2| Effects & Uncertainty

Summary gives you estimates of the effect sizes as well as confidence intervals for uncertainty. fixef will do exactly the same thing!

fixef(temp_model)

##               Estimate Est.Error      Q2.5     Q97.5
## Intercept    44.184472 0.3915403 43.420134 44.937630
## plant_height -8.169058 0.8138395 -9.745344 -6.588254

summary(temp_model)

##  Family: gaussian 
##   Links: mu = identity 
## Formula: temperature ~ plant_height 
##    Data: thermal (Number of observations: 207) 
##   Draws: 4 chains, each with iter = 2000; warmup = 1000; thin = 1;
##          total post-warmup draws = 4000
## 
## Regression Coefficients:
##              Estimate Est.Error l-95% CI u-95% CI Rhat Bulk_ESS Tail_ESS
## Intercept       44.18      0.39    43.42    44.94 1.00     4271     3144
## plant_height    -8.17      0.81    -9.75    -6.59 1.00     4337     3112
## 
## Further Distributional Parameters:
##       Estimate Est.Error l-95% CI u-95% CI Rhat Bulk_ESS Tail_ESS
## sigma     2.16      0.11     1.96     2.38 1.00     3609     2974
## 
## Draws were sampled using sampling(NUTS). For each parameter, Bulk_ESS
## and Tail_ESS are effective sample size measures, and Rhat is the potential
## scale reduction factor on split chains (at convergence, Rhat = 1).

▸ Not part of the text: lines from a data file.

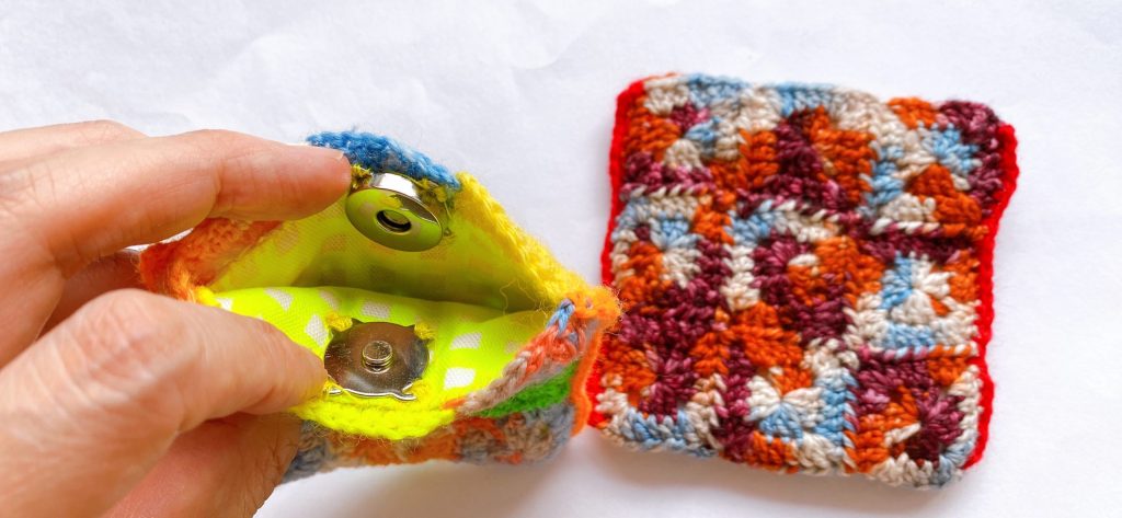 ❺裏側に縫い付けたら、マグネットボタンを付けます。
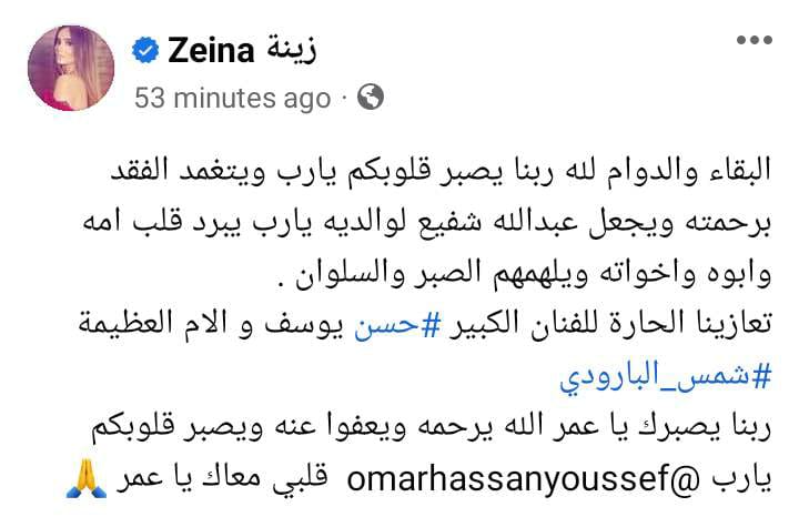 وكتبت زينة:" البقاء والدوام لله ربنا يصبر قلوبكم يارب ويتغمد الفقد برحمته ويجعل عبدالله شفيع لوالديه يارب يبرد قلب امه وابوه واخواته ويلهمهم الصبر والسلوان . تعازينا الحارة للفنان الكبير حسن يوسف و الام العظيمة شمس البارودي ربنا يصبرك يا عمر الله يرحمه ويعفوا عنه ويصبر قلوبكم يارب قلبي معاك يا عمر".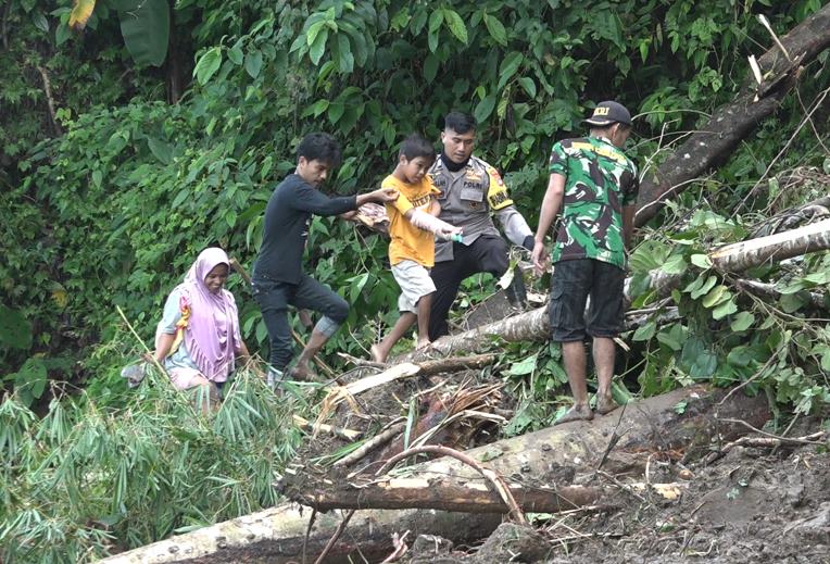 Dibantu personil polisi dari Polsek Tutar, warga yang ingin melanjutkan perjalanan, harus berjuang melewati material longsor yang terdiri dari tanah berlumpur bercampur batang kayu besar. (thaya/sur-paceko)

#put the model into a data frame so you can use it
post_thermal <- data.frame(temp_model)

Baseline temperature is 44 $^\circ$C, for every 1 unit plant growth, temperature decreases by 8 $^\circ$C.

3| Thinking about plants

There are a lot of questions we can ask/answer using the posterior distribution below:

plot(density(post_thermal$b_plant_height))
polygon(density(post_thermal$b_plant_height), col="#00B9BE", main="Plausible values for slope parameter")

Figure 2: Histogram of posterior slope estimates from the Bayesian regression of temperature on plant height. The posterior mass is entirely negative, showing near-certain evidence that taller plants are associated with lower canopy temperatures. After collecting all values of posterior slope, pulling out only those that are less than or equal to -10 and finding the mean, gives the following information: The probability that canopy temperature decreases by at least 10 °C per meter of plant height is approximately 0.9%

Here you can see that our slope value is almost CERTAINLY between -11 and -5 and does not cross 0. So we would want to ask a question about negative direction (see 2 below).

a. Direction

Is the effect positive or negative? How certain? $P (\beta<0)$ or $P (\beta>0)$

We went with negative $P (\beta>0)$ because of the posterior distribution above, all x values are in the negative.

mean(post_thermal$b_plant_height < 0)

## [1] 1

## 1

Answer: There was near-certainty (>99.9% probability) that canopy temperature decreases as plant height increases.

b. Magnitude

How likely is the effect at least [x] big?

What is the probability canopy temperature drops at least 10°C per meter of plant height?

$P (\beta < -10)$

prob_drop10 <- mean(post_thermal$b_plant_height <= -10)

prob_drop10

## [1] 0.0135

Answer: There was only about a 1.3% probability that canopy temperature decreases by at least 10 °C per meter of plant height, indicating the cooling effect is unlikely to be that strong.

c. Credible ranges

What range of parameter values is plausible? quantile(post_thermal$b_plant_height, c(0.25, 0.5, 0.975).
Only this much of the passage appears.